Start small. If your child isn't into hanging out with you,  don't push the issue,  but let them know you still care. Don't make them or yourself uncomfortable. Eventually,  they'll warm up to the idea and to you!

Thursday, November 7, 2013

Making Choices

Watching Izaak's medical bills pile up has become overwhelming. I rejoined the working world this past August... when I knew we would need money the most. But a prayer was answered when we were told our medical bills would be paid in full through a program at our local children's hospital for Izaak's visit last April. My joy soon turned to disappointment after receiving news that our insurance is declining to pay for further doctor visits... which we have every couple of months to monitor his growth and development. I've since had to cancel appointments, second guessing if we're doing the right thing.
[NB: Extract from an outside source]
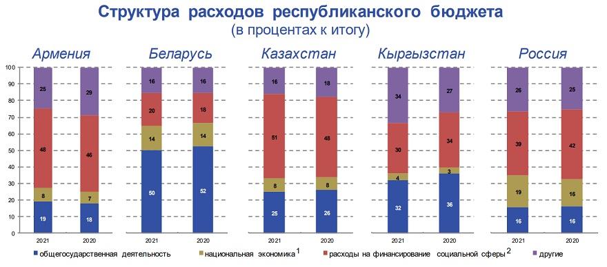 Статистика говорит о том, что больше всего бюджетных средств в Беларуси, как и в Кыргызстане, за прошлый год потратили на «общегосударственную деятельность». Причем в нашей стране в 2021 году доля таких трат наивысшая среди всех участников ЕАЭС – 50%. В остальных государствах ЕАЭС основной статьей расходов было финансирование социальной сферы – образования, здравоохранения, спорта, культуры, СМИ и социальной политики. Доля расходов на социальную сферу в Беларуси в сравнении с партнерами по ЕАЭС была самой низкой – 20%.

Izaak is 17 months old now and is just now saying words beyond "Momma" and "Da da". He has yet to take his first steps. He has been cruising our kitchen, bathrooms, and living room. I just feel he will do things in his own time and have decided if he's not walking by his 18 month check-up, we may be forced to consider therapy.
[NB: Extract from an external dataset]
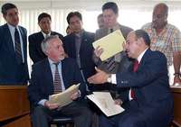 Roberto Vega Galina (derecha), l�r del SNTSS, y Marcelo Castro, director adjunto de la oficina de la OIT en M�co, luego de que la representaci�indical entreg� queja contra el gobierno federal por la violaci� los convenios 87 y 102 del organismo internacional FOTO Marco Pel�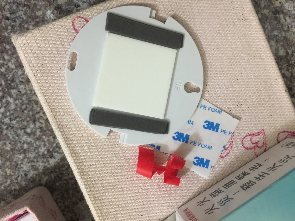▼先黏好原廠送的3M雙面膠(因為擔心黏不住,所以我另外加2段雙面膠~紅色的那2段)

Surely he isn't the first to be a late bloomer! Still holding out hope....

Sunday, October 20, 2013

Raising Daisies

Raising children is by far the toughest job any parent can have. We are responsible for teaching another person manners, responsibility, how to treat others, and the list goes on.
I must say that raising girls has proved to be a challenge. On top of teaching the previously mentioned, teaching girls the basic skills of being a wife and a mother is important, too. But the following article sums up some pretty important things to teach our girls!
I've been forced to think of the times I've gossiped on the phone and said not so nice things about about people....not realizing my girls are watching....and learning!

So...the best advice: Be aware of yourself! I know I'll be more careful with my words!